Stored items from a collection

--*--

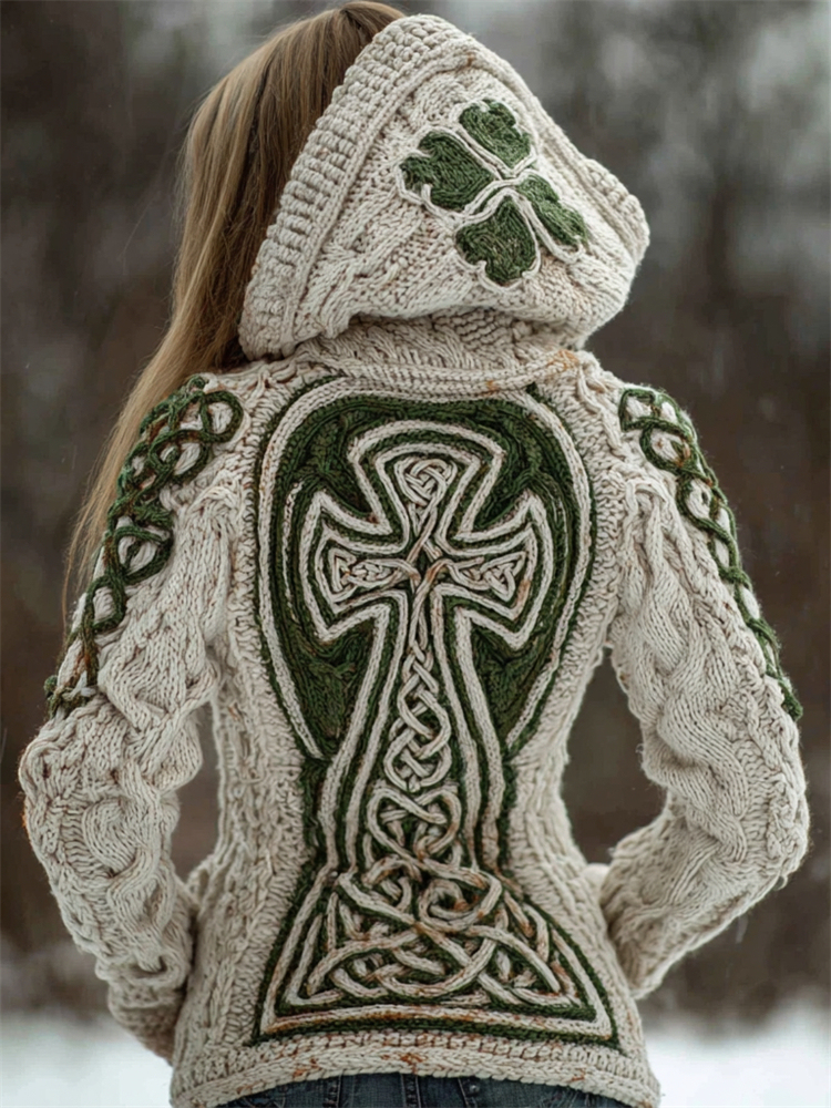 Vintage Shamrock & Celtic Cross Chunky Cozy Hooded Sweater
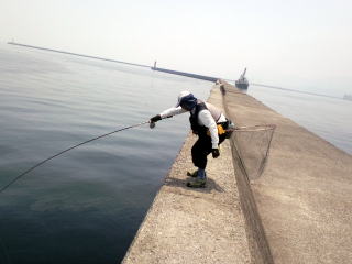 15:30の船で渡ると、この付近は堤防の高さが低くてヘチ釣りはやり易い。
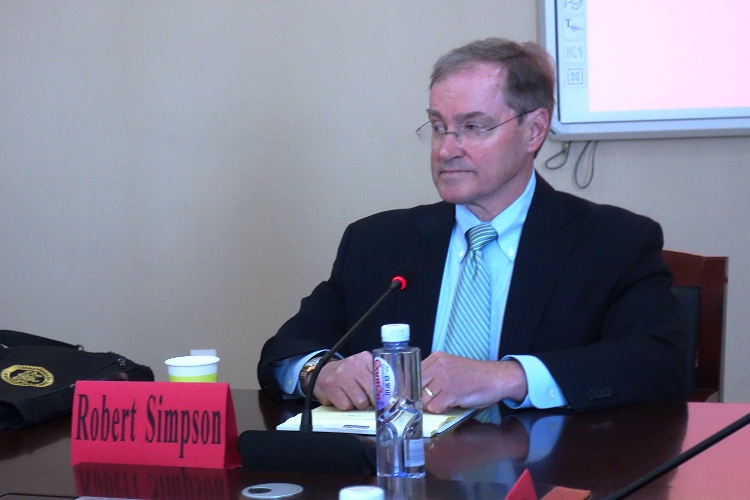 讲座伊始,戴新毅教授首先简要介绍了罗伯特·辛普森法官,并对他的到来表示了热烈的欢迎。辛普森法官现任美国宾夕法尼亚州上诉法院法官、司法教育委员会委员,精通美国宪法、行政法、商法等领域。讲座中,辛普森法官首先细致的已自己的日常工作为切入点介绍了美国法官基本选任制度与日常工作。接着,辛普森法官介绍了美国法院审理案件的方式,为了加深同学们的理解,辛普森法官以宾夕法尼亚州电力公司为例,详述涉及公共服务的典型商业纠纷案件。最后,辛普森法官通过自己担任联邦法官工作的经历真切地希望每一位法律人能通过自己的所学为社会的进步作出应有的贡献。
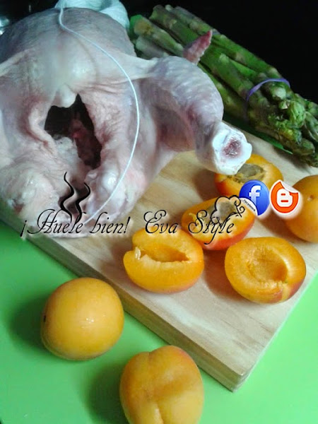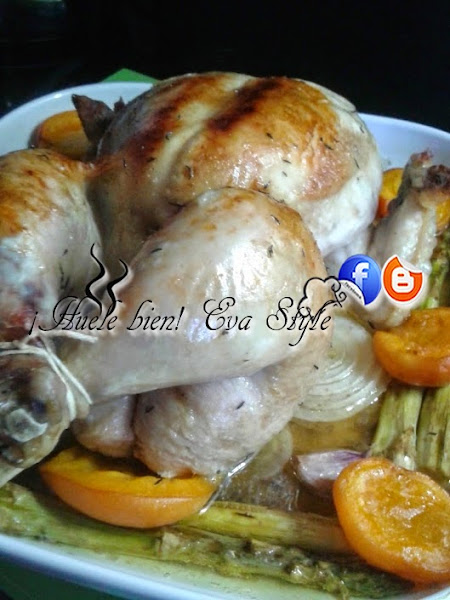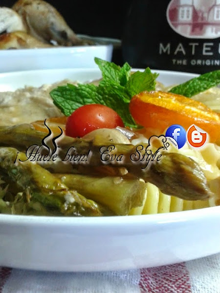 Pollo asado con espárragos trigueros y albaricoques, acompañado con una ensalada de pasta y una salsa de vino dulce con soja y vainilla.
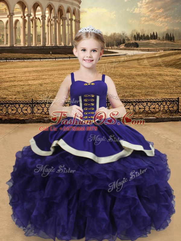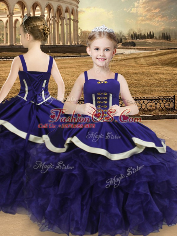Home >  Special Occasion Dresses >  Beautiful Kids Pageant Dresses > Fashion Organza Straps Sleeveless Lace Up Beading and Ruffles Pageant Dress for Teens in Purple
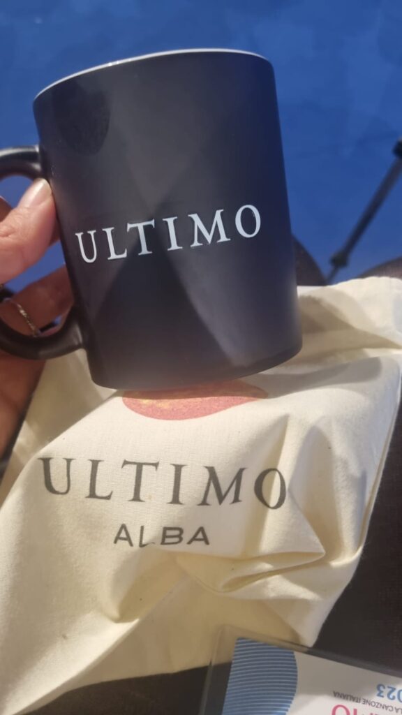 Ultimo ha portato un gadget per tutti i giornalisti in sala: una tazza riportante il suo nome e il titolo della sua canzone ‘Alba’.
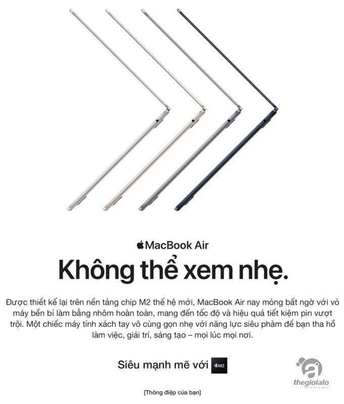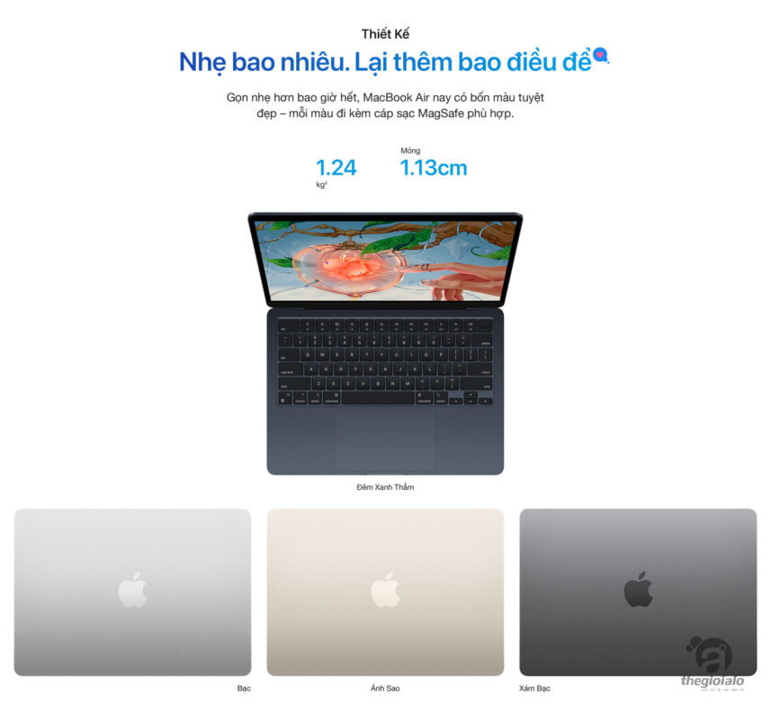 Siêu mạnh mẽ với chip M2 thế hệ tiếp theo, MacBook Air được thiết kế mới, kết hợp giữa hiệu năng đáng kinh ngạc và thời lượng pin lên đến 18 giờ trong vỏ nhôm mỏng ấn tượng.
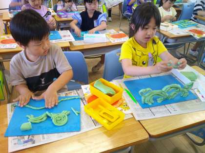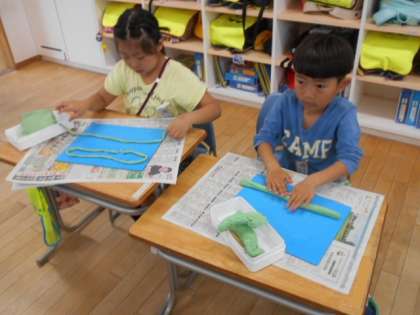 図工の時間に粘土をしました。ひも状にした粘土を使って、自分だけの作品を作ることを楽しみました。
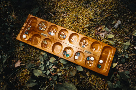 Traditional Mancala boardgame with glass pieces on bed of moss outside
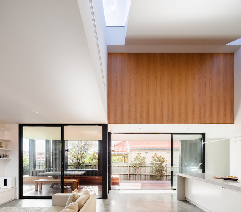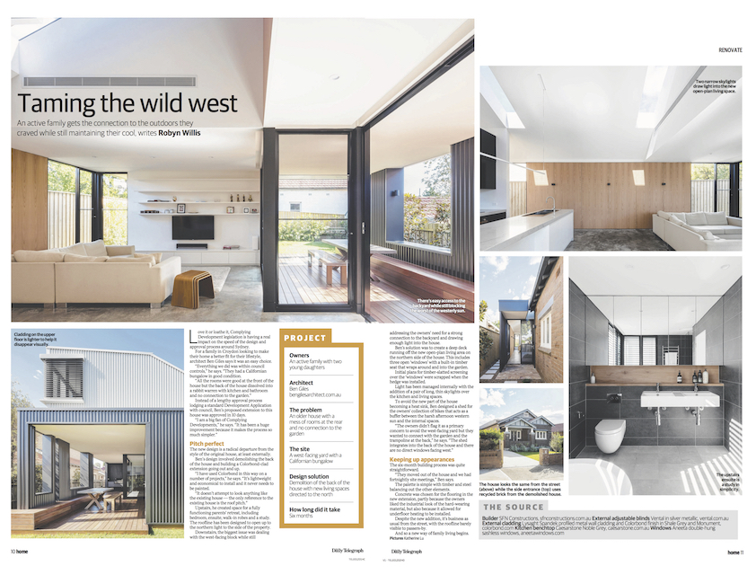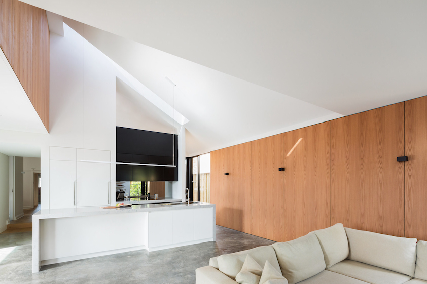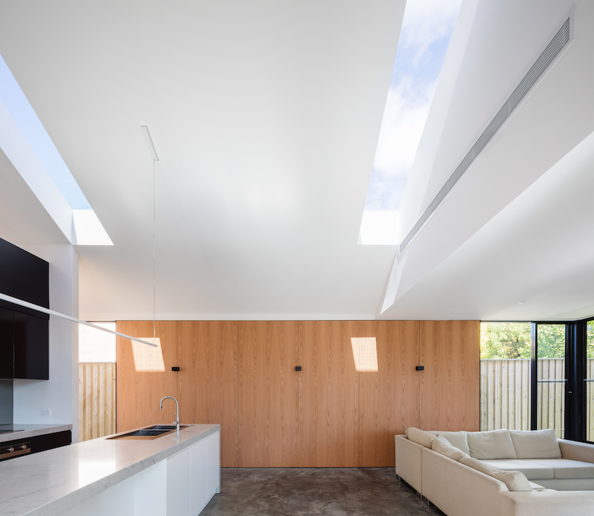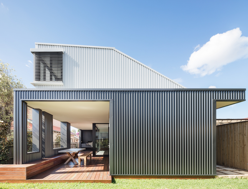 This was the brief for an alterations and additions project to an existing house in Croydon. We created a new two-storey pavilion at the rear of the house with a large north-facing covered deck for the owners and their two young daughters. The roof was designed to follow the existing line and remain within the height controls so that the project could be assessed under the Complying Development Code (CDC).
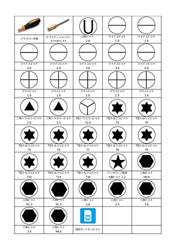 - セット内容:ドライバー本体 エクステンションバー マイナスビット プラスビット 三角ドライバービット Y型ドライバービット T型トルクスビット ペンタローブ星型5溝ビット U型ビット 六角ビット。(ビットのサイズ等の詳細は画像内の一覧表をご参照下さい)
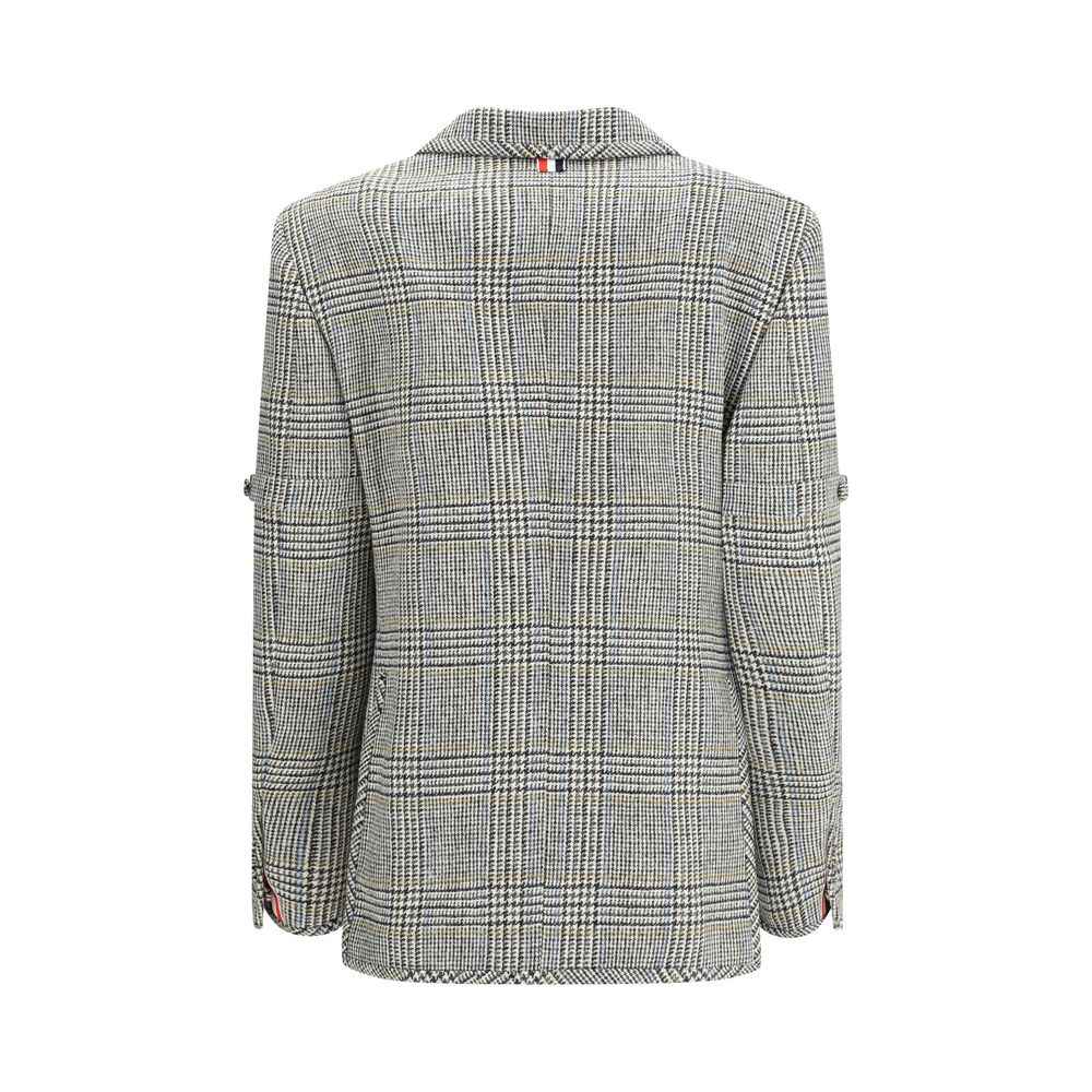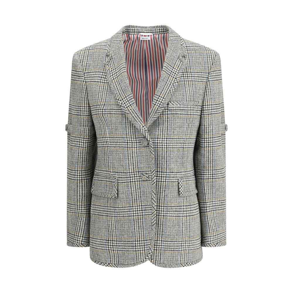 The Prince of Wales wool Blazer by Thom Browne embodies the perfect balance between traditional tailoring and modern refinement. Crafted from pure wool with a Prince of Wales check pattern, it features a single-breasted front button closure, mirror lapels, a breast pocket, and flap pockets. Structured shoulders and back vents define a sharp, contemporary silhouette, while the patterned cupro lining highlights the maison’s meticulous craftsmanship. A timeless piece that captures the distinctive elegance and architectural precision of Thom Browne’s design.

--*--

### [What is required]
An exact copy of the entries, minus the pictures, is what to return.

### [Response to this exercise]
 Vintage Shamrock & Celtic Cross Chunky Cozy Hooded Sweater
 15:30の船で渡ると、この付近は堤防の高さが低くてヘチ釣りはやり易い。
 讲座伊始,戴新毅教授首先简要介绍了罗伯特·辛普森法官,并对他的到来表示了热烈的欢迎。辛普森法官现任美国宾夕法尼亚州上诉法院法官、司法教育委员会委员,精通美国宪法、行政法、商法等领域。讲座中,辛普森法官首先细致的已自己的日常工作为切入点介绍了美国法官基本选任制度与日常工作。接着,辛普森法官介绍了美国法院审理案件的方式,为了加深同学们的理解,辛普森法官以宾夕法尼亚州电力公司为例,详述涉及公共服务的典型商业纠纷案件。最后,辛普森法官通过自己担任联邦法官工作的经历真切地希望每一位法律人能通过自己的所学为社会的进步作出应有的贡献。
 Pollo asado con espárragos trigueros y albaricoques, acompañado con una ensalada de pasta y una salsa de vino dulce con soja y vainilla.
Home >  Special Occasion Dresses >  Beautiful Kids Pageant Dresses > Fashion Organza Straps Sleeveless Lace Up Beading and Ruffles Pageant Dress for Teens in Purple
 Ultimo ha portato un gadget per tutti i giornalisti in sala: una tazza riportante il suo nome e il titolo della sua canzone ‘Alba’.
 Siêu mạnh mẽ với chip M2 thế hệ tiếp theo, MacBook Air được thiết kế mới, kết hợp giữa hiệu năng đáng kinh ngạc và thời lượng pin lên đến 18 giờ trong vỏ nhôm mỏng ấn tượng.
 図工の時間に粘土をしました。ひも状にした粘土を使って、自分だけの作品を作ることを楽しみました。
 Traditional Mancala boardgame with glass pieces on bed of moss outside
 This was the brief for an alterations and additions project to an existing house in Croydon. We created a new two-storey pavilion at the rear of the house with a large north-facing covered deck for the owners and their two young daughters. The roof was designed to follow the existing line and remain within the height controls so that the project could be assessed under the Complying Development Code (CDC).
 - セット内容:ドライバー本体 エクステンションバー マイナスビット プラスビット 三角ドライバービット Y型ドライバービット T型トルクスビット ペンタローブ星型5溝ビット U型ビット 六角ビット。(ビットのサイズ等の詳細は画像内の一覧表をご参照下さい)
 The Prince of Wales wool Blazer by Thom Browne embodies the perfect balance between traditional tailoring and modern refinement. Crafted from pure wool with a Prince of Wales check pattern, it features a single-breasted front button closure, mirror lapels, a breast pocket, and flap pockets. Structured shoulders and back vents define a sharp, contemporary silhouette, while the patterned cupro lining highlights the maison’s meticulous craftsmanship. A timeless piece that captures the distinctive elegance and architectural precision of Thom Browne’s design.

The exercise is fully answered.